• [Work to be completed] Restate every line of the data word for word, except for the images.

• [Supplied information]
◇ ◇ ◇ ◇
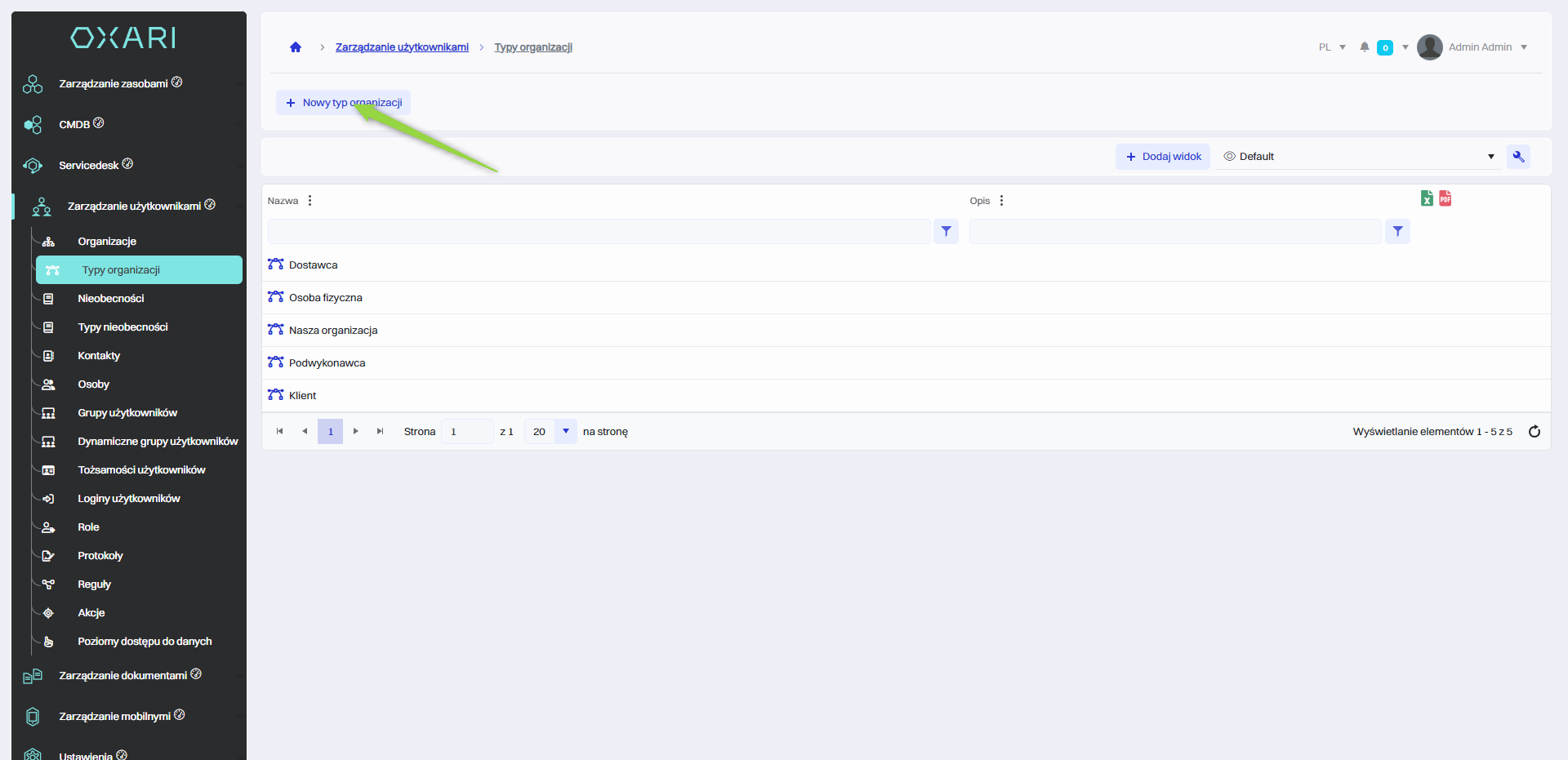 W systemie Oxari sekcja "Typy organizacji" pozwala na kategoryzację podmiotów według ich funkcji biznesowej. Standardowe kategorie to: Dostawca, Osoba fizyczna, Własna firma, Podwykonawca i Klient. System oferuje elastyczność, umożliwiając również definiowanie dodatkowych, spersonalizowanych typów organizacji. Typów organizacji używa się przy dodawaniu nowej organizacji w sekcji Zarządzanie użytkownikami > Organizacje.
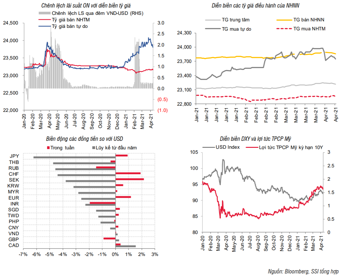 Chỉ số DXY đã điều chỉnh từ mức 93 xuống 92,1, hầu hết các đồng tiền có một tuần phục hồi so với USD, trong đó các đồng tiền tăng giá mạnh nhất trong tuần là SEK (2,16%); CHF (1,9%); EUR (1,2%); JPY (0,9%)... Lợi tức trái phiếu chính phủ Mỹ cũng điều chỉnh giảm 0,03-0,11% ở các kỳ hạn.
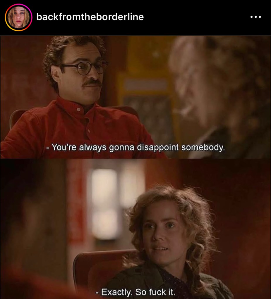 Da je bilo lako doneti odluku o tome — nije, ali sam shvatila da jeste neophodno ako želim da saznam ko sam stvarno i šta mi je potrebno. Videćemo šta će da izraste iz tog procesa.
◇ ◇ ◇ ◇
• [Your solution]
 W systemie Oxari sekcja "Typy organizacji" pozwala na kategoryzację podmiotów według ich funkcji biznesowej. Standardowe kategorie to: Dostawca, Osoba fizyczna, Własna firma, Podwykonawca i Klient. System oferuje elastyczność, umożliwiając również definiowanie dodatkowych, spersonalizowanych typów organizacji. Typów organizacji używa się przy dodawaniu nowej organizacji w sekcji Zarządzanie użytkownikami > Organizacje.
 Chỉ số DXY đã điều chỉnh từ mức 93 xuống 92,1, hầu hết các đồng tiền có một tuần phục hồi so với USD, trong đó các đồng tiền tăng giá mạnh nhất trong tuần là SEK (2,16%); CHF (1,9%); EUR (1,2%); JPY (0,9%)... Lợi tức trái phiếu chính phủ Mỹ cũng điều chỉnh giảm 0,03-0,11% ở các kỳ hạn.
 Da je bilo lako doneti odluku o tome — nije, ali sam shvatila da jeste neophodno ako želim da saznam ko sam stvarno i šta mi je potrebno. Videćemo šta će da izraste iz tog procesa.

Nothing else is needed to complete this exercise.